Start of DATA TO USE
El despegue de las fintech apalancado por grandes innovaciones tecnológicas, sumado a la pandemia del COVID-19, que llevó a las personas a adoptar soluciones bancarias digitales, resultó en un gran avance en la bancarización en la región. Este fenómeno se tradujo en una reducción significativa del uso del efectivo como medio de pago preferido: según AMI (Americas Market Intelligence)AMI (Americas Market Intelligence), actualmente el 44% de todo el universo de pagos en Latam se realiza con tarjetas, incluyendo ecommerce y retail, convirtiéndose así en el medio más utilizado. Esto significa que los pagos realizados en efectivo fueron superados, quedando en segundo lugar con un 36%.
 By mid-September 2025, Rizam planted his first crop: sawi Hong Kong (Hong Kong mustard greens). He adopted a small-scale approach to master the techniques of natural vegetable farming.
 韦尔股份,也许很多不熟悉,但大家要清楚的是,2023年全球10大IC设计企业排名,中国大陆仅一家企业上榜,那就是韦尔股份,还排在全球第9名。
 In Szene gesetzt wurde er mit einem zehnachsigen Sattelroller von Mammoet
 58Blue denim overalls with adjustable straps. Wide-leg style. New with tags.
End of DATA TO USE
Start of DATA TO USE
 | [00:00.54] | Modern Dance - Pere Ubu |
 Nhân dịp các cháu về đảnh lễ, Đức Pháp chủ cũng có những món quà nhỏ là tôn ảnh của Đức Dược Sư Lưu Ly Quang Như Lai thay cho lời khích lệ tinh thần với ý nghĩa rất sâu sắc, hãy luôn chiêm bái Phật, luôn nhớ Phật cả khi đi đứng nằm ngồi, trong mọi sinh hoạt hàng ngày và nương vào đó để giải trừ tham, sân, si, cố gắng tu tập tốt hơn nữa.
End of DATA TO USE
__PROBLEM TO WORK ON__: Would you print, exactly as written, every line above from the one holding "In Szene gesetzt" through the one holding "58Blue denim overalls", with both included and no other lines?

__OUTPUT BELOW__:
 In Szene gesetzt wurde er mit einem zehnachsigen Sattelroller von Mammoet
 58Blue denim overalls with adjustable straps. Wide-leg style. New with tags.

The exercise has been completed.